Docker Application containerization.
Docker-Compose Multi-container Docker applications definition and running.
Prefect Workflow orchestration.
MLFlow Experiment tracking and model registry.
PostgreSQL MLFLow experiment tracking database.
MinIO High Performance Object Storage compatible with Amazon S3 cloud storage service.
Flask Web server.
Bootstrap Frontend toolkit.
MongoDB Prediction database.
EvidentlyAI ML models evaluation and monitoring.
Prometheus Time Series Database for ML models real-time monitoring.
Grafana ML models real-time monitoring dashboards.
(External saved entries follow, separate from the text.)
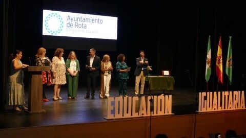 [Img #176653]Isabel Paredes, recién nombrada delegada de Educación de la Junta de Andalucía en Cádiz, mostró igualmente el aplauso a los docentes como pilares básicos de nuestras vidas donde muchas veces jugaron el papel de hacer al alumno fuerte ante la adversidad y en otras, le abrieron los ojos ante las oportunidades. Agradecida por estar invitada al acto, celebró que el Ayuntamiento de Rota pusiera el foco en este colectivo de personas que representan una figura tan destacada.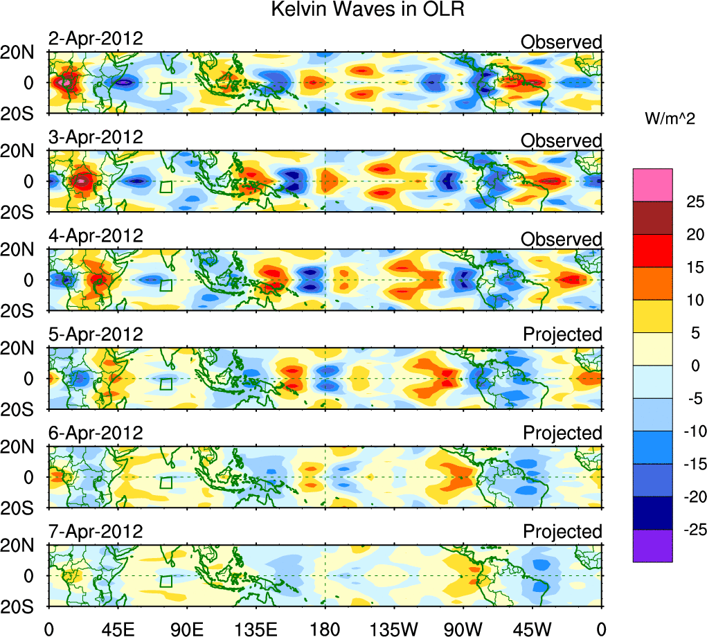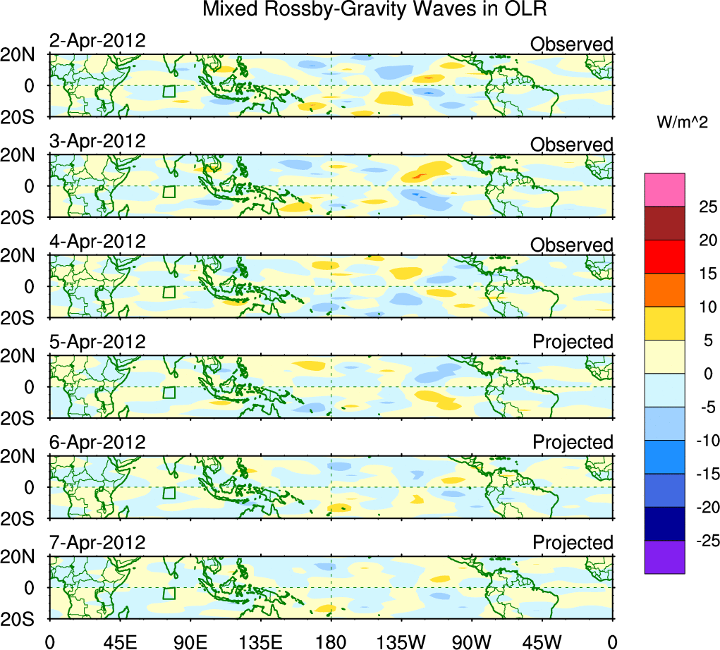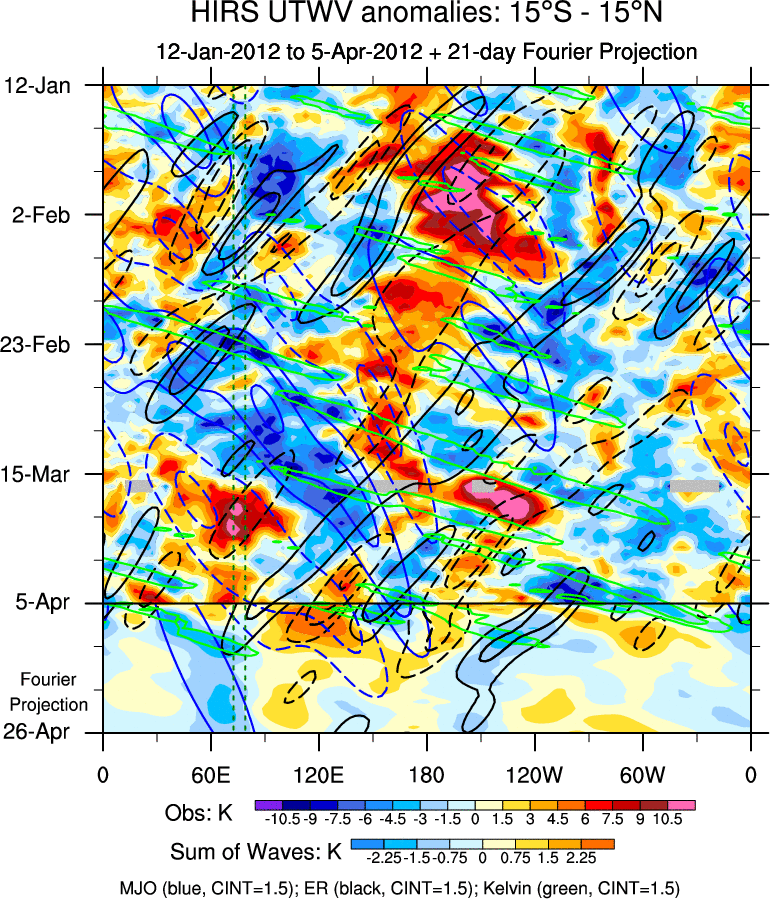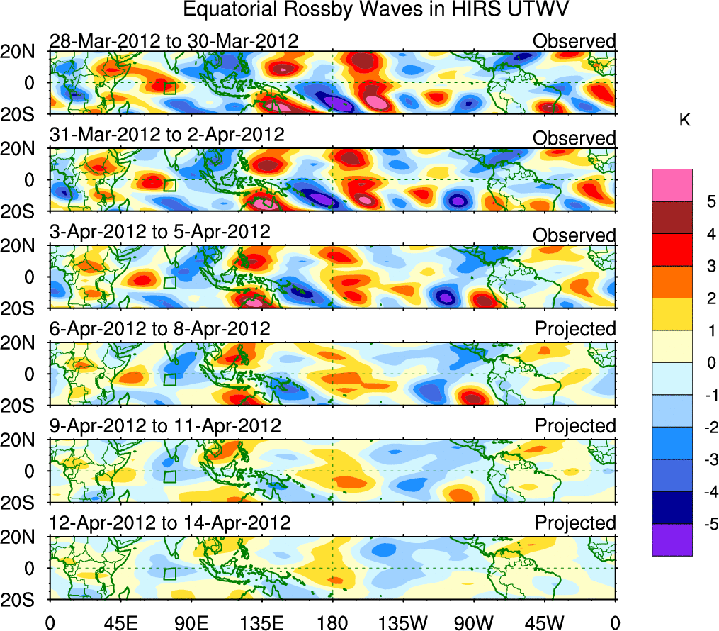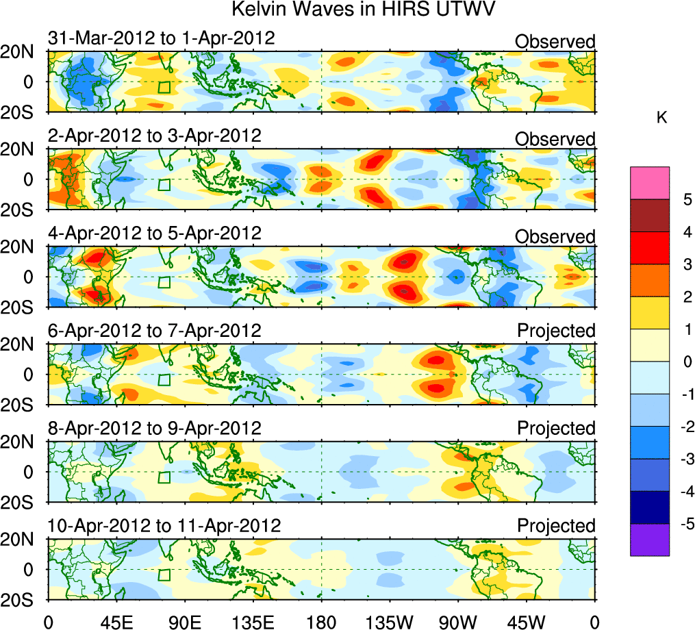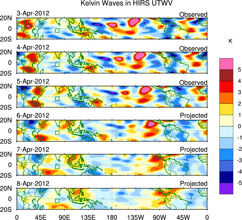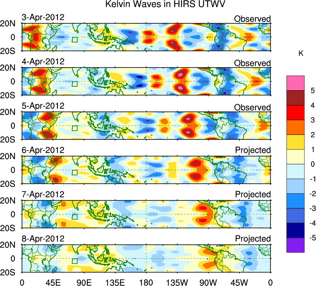 To identify tropical waves in near real-time, the OLR and UTWV data are filtered following Wheeler & Weickmann (2001 MWR). The daily anomalies are calculated using the first 3 harmonics of the seasonal cycle for 1979–2009. Missing values are then filled using linear interpolation in space and time. The most recent 365 days of anomalies are padded with 659 days of zeroes, and the result is filtered for each wave type.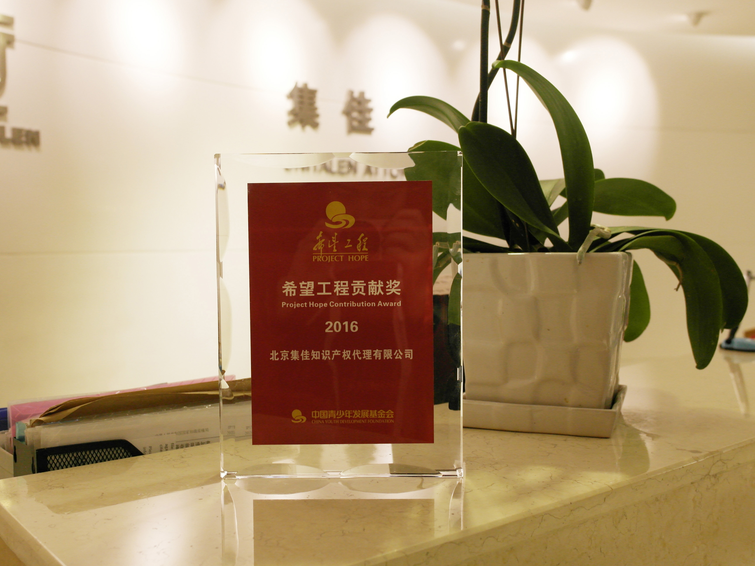 日前,中國(guó)青少年發(fā)展基金會(huì)向北京集佳知識(shí)產(chǎn)權(quán)代理有限公司頒發(fā)了“希望工程2016貢獻(xiàn)獎(jiǎng)”,以表彰集佳在剛剛過(guò)去的2016年,對(duì)貧困地區(qū)兒童教育的愛(ài)心捐助和對(duì)國(guó)家希望工程事業(yè)的巨大支持。此外,青基會(huì)在《中國(guó)青年報(bào)》刊發(fā)整版鳴謝,在新年到來(lái)之際,對(duì)奔馳、國(guó)開(kāi)行、可口可樂(lè)、集佳等近90家單位和合作方致以衷心的感謝。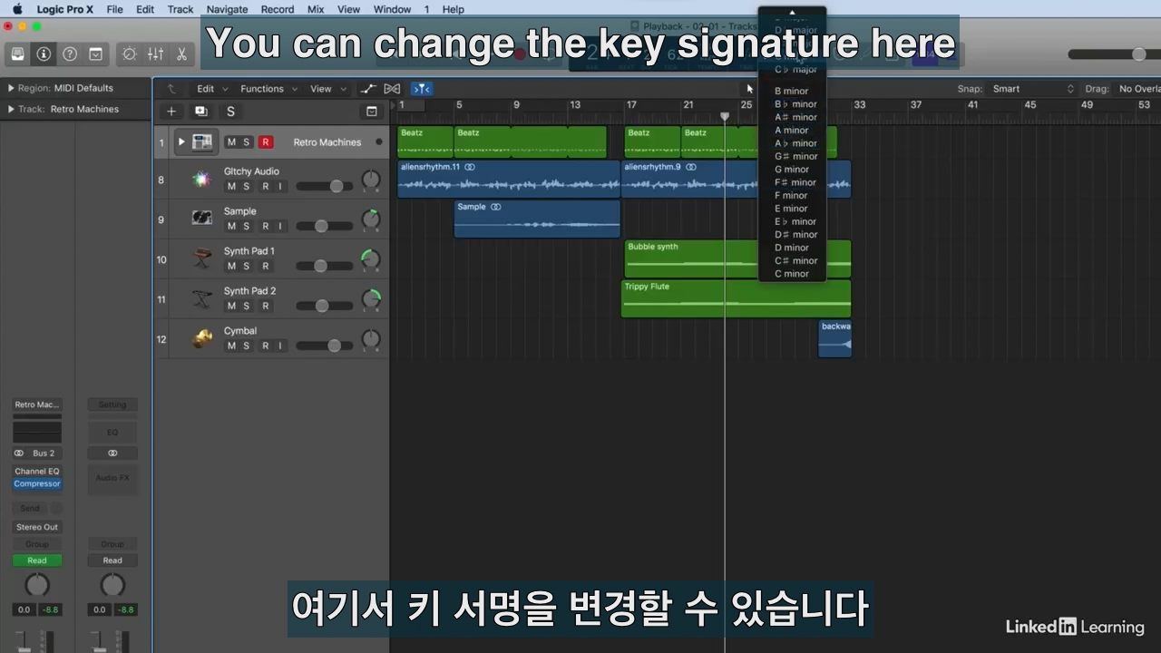 프로젝트 키는 중심 음(토닉이라고 함)을 정의하고 프로젝트가 장조 또는 단조 음계를 사용하는지 여부를 정의합니다. 키를 변경하면 프로젝트에서 Apple Loops 재생과 악보 편집기의 MIDI 노트 표시에 영향을 미칩니다.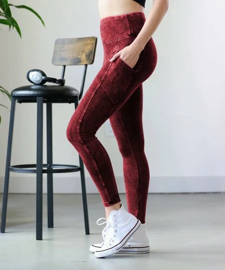 A mineral wash is featured on these leggings made with a wide waistband and full-length legs.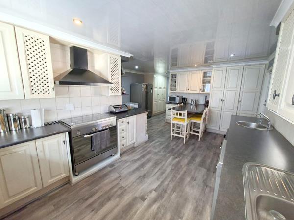 For those who love vehicles or need extra storage, the two-car garage with an automatic door and additional covered parking provides ample space. The interior features a hob and kitchen-dinette, offering generous cooking and dining options. Loadshedding and watershedding will be a distant memory as the 10 KVA inverter and battery with 12 solar panels along with the 5000l jojo tank and borehole is more than sufficient to meet your and your family s needs.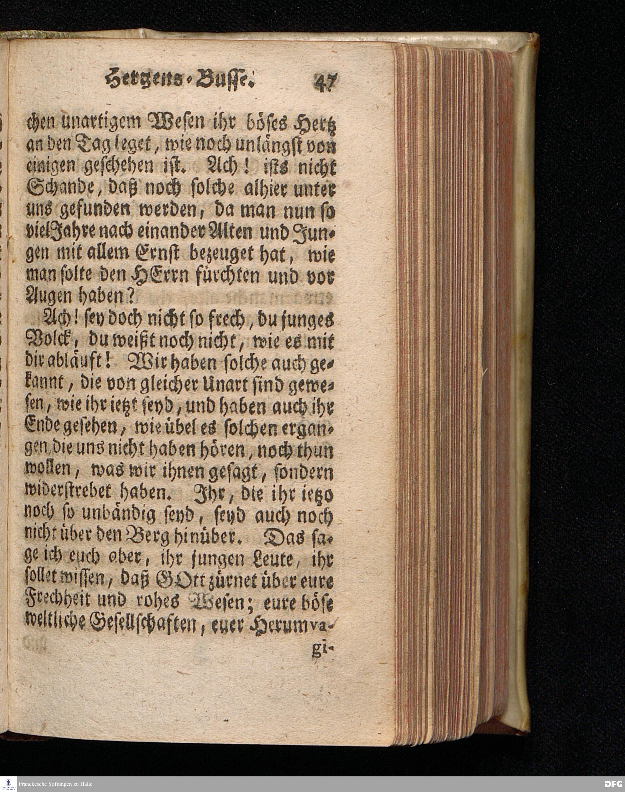 Die wahre Hertzens=Busse Aus den Worten des HErrn Im 5.Buch Mos.V, 29. [Bibelzitat.] Am Buß=Tage den 14.Jun.1713. In der St.Georgen=Kirche zu Glaucha vorgestellet von August Hermann Francken / S.Th.Prof.Past.zu St.Ulrich, und des Gymnasii Scholarcha. Andere Auflage.[!] Der Jugend in den Schulen des Wäysenhauses, nach gehaltenem Examine, den 19.Aug.gedachten Jahres ausgetheilet. HALLE, In Verlegung des Wäysenhauses, 1728.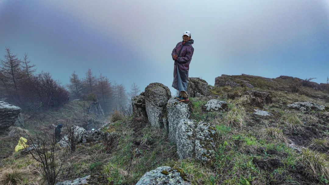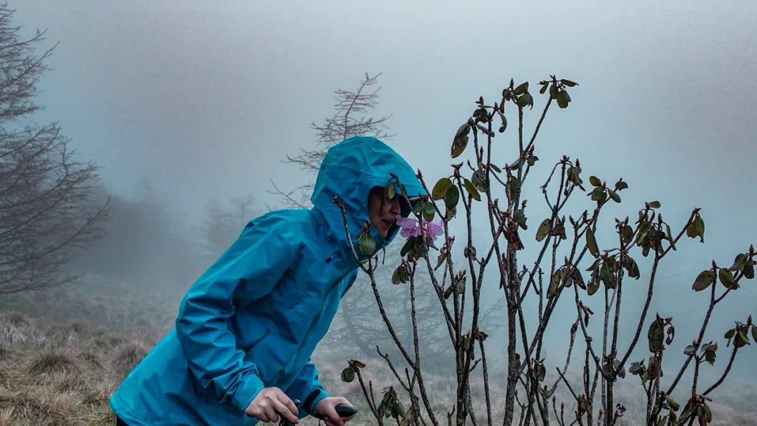 还没一会儿便到达当晚营地,放下背包轻装上老君山,彼时天色已晚,山上的雾越起越大,沿路只见几朵孤单的杜鹃花在风雨中飘摇。

pytest Python unit testing suite.
pylint Python static code analysis.
black Python code formatting.
isort Python import sorting.
Pre-Commit Hooks Simple code issue identification before submission.
GitHub Actions CI/CD pipelines.

Disclaimer

This prediction service has been developed as the final project of the MLOps Zoomcamp course from DataTalks.Club. It does not provide medical advice and it is intended for informational purposes only. It cannot be considered a substitute for professional medical advice, diagnosis or treatment. Never ignore professional medical advice in seeking treatment because of something you have read here.